19 Mart sonrasında bir muhalif mücadele yöntemi olarak sokağın; uzun süredir istirahatte olduğu hasta yatağından kalkmış ve gerilip gözlerini ovuşturarak etrafa bakınmakta olan mahmur bir seçenek olduğunu söylemek yanlış olmaz. Kabaca bir isimlendirmeyle Saraçhane protestoları, artık aynı rejimi dahi paylaşmadığı Gezi olaylarından beri baskılanan muhalif duygu birikiminin tabii ve yerinde bir tezahürü idi. Halbuki aradan geçen zamanda hükumet içerisinde ciddi yolsuzluklar peyda olmuş, nabzı düşen iktidar partisi o esnada hakim olunan devlet mekanizmaları vasıtasıyla akla hayale gelmeyecek korkunç yollarla beş ayda hayata döndürülmüş, ülkenin anayasası ve dolayısıyla rejimi bir gecelik bürokratik cambazlıkla ham hum şaralopa getirilerek değiştirilmiş ve bunlara benzer şekilde bir meşru-alternatif yol olarak sokağı işaret edecek birçok olay yaşanmıştı. Sokak açısından; tüm bu turlarda pas hakkının nesnesi haline gelmiş olması; belki de zamanın muhalefetinin sırasını bekleyen bir bürokrat zihniyetine denk gelmesiyle izah edilebilirdir.

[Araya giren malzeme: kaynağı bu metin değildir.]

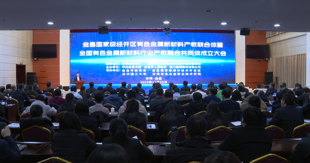 12月25日,金昌国家级经开区有色金属新材料产教联合体暨全国有色金属新材料行业产教融合共同体成立大会在金昌市行政中心召开。金川集团公司总经理、党委副书记李尚勇,兰州理工大学党委常委、副校长王全进,中国机械总院集团哈尔滨焊接研究所有限公司副总经理吕晓春,武汉华中数控股份有限公司总裁助理、教育事业部总经理周理,省教育厅职业教育与成人教育处、有色金属工业人才中心教育培训处相关负责人出席会议。我校副校长马宏锋应邀出席大会,材料工程学院负责人参加会议。

Bu bağlamda; Saraçhane protestoları, muhalefetin 2017 sonrasında acımasızca sindirildiği yeni milli güvenlik devletine karşı daha sivil geçmişi yad eder, yarı-nostaljik bir başkaldırı idi. Kanımca bu nostalji; Gezi Parkı olaylarının, eylemlerin lokomotifi olan genç kitlelerin çocukluk çağına tesadüf ediyor olmasıyla daha da mana kazanmaktadır.

Sokak hareketleri ve teşkilatçılık, vurguladığım üzere Kılıçdaroğlu’nun muhalefetin başını çektiği çağlarda şimdiye nazaran ikinci plana itildiği kesin olan nosyonlardı. Hoş; iktidarın ha bugün, ha yarın ufukta gözükeceği gerçeği(!) göz önüne alındığında bu pek de mantıksız sayılmazdı. İktidara birkaç adım kala ileride iş birliği yapılması zaruri toplum kesimleriyle, aktörlerle durduk yere ipleri koparmanın manası yoktu. Uygun anı bekleyip hamle yapmak; rahat ve meselesiz bir devir teslim en temiziydi. Muhalefetin bünyesinde yıllarca muhafaza ederek hasletleştirdiği bu mevsimini bekler tavrı, iktidar tarafından eşi emsali bulunmaz bir nimet olarak da tespit edildi ve bundan olabildiğince istifade edildi. Sanırım buna verilebilecek en güzel örnek, 2023 seçimleri öncesinde muhalif çevrelerce iktidar alametleri olarak görülen bürokratik posta güvercinlerinin mevcudiyetidir. Bugünden bakıldığında bu güvercinlerin; esasında duruma hakim iktidarın, mevzubahis muhalif hasleti en zarif bir şekilde okşayan elleri olduğu rahatlıkla görülebilir.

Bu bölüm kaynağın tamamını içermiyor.